Breakthrough in the development of stretchable optical waveguides
A range of emerging applications requires electronics to dynamically adapt to curving and bending surfaces. Wearable on-body sensing systems or instruments in a cockpit integrated on curved surfaces are just two examples being investigated, and others can be found in applications domains like robotics and automation, healthcare and biomedical technologies, and consumer electronics.
In recent years, progress has been reported on the development of stretchable electrical technologies, in which, for example, non-stretchable islands are embedded in a stretchable material and joined with stretchable electrical interconnections.
Belgian electronics research institute imec, in partnership with CMST, imec’s associated lab at Ghent Univ., have recently transitioned stretchable technology into the optical realm. By integrating the light sources and detectors, these teams have fabricated the world’s first randomly deformable optical waveguide. It remains functional for bending radii down to 7 mm, and can be stretched to more than a third of its length. These optical links can be used to interconnect optical components within a stretchable system, just like stretchable electrical interconnections are used for stretchable electrical systems.
More and more sensing systems, such as artificial skin, are implemented using optical instead of electrical technologies. For these applications, stretchable optical interconnections are needed instead of electrical interconnections. When compared to electrical interconnections, optical interconnections are much more difficult to make, for two main reasons.

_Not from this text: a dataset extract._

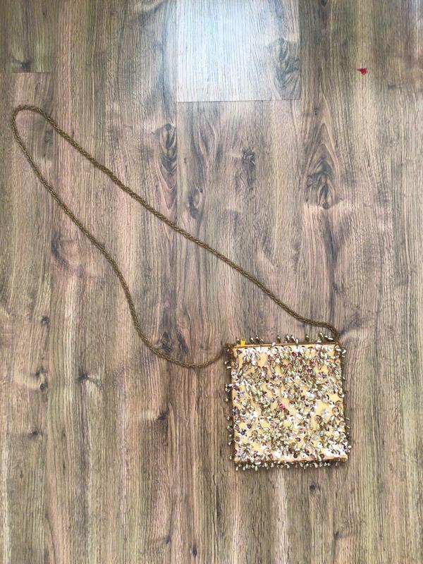 Вінтажна сумочка. Ручка плетена бісер. Декорована паєтками і бісером, закривається на замочек, розмір 17 на 17, довжина ручки 63 см.
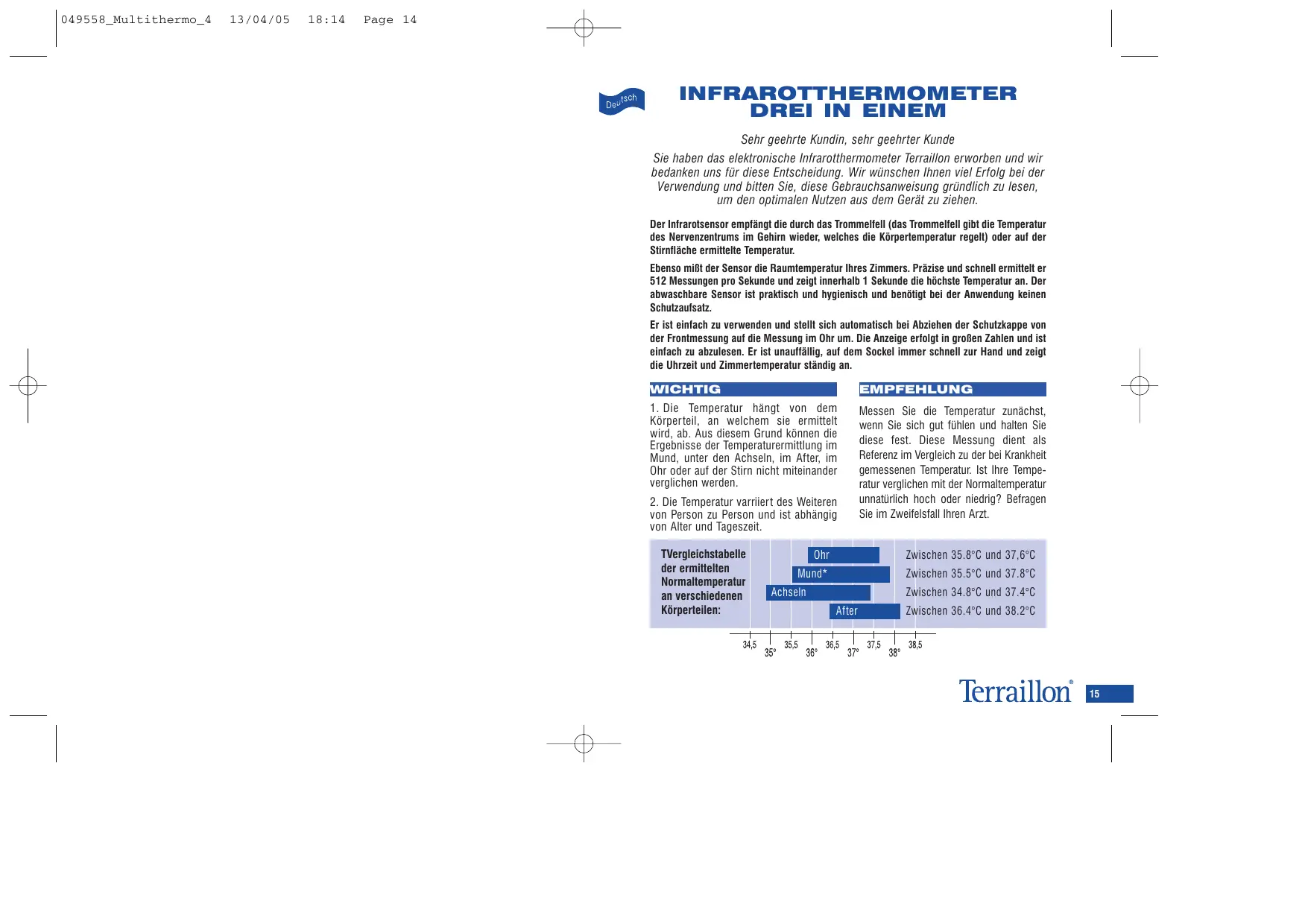 BEDIENUNGSANLEITUNG MULTITHERMO 4 TERRAILLON

First, their dimensions are much smaller, typically a few micrometers up to tens of micrometers in cross section. And, secondly, while for stretchable electrical connections the alignment is not that critical, the accuracy needed for an efficient coupling between waveguides and light sources/detectors is much higher.
Imec’s approach to making stretchable optical interconnections is based on multimode PDMS (poly-dimethylsiloxane) waveguides. Such a waveguide consists of an optically transparent channel of a stretchable PDMS material (called the core of the waveguide), surrounded by another type of PDMS material (called the cladding of the waveguide) with a lower refractive index. Due to this specific configuration, light is trapped in the channel and propagates along its length. This will remain valid when the waveguide is deformed. The team selected two commercially available PDMS materials with a precise refractive index difference for core and cladding. The waveguides, having a cross-section of 50 µm x 50 µm, were patterned by using a replication technology based on the capillary filling of the PDMS microchannels.
To see how far the waveguides could bend and stretch before too much lights escapes, a process was developed to integrate light sources (VCSELs with ʎ = 850 nm) and detectors (GaAs based photodiode) with the waveguide. This way, the researchers obtained a truly bendable and stretchable optical link. They characterized the waveguides in terms of propagation losses, bending losses, stretching losses and reliability.
For bending radii down to 7 mm—which is about the diameter of a human finger—only small losses were observed. And the link remained functional during stretching up to 30% elongation (observed extra loss below 0.7dB). Also, the waveguides showed high reliability, as they did not see any degradation in the material even after mechanically stretching it 80,000 times at 10% elongation. They did however observe some additional loss fluctuations during stretching, which can be ascribed to the changing coupling conditions at the input and output regions of the waveguides, i.e., the parts where light enters and exits.
Imec’s team believes this is the first truly bendable, stretchable optical link. Since commercially available materials have been used and a replication method was used for patterning the waveguide, the proposed technology is widely applicable and cost-efficient. The main future work will be focusing on making the waveguides smaller, and on finding appropriate ways to integrate them in specific applications. Also, the mechanical stability at the interfaces with the optoelectronic components needs to be further improved to minimize additional loss fluctuations.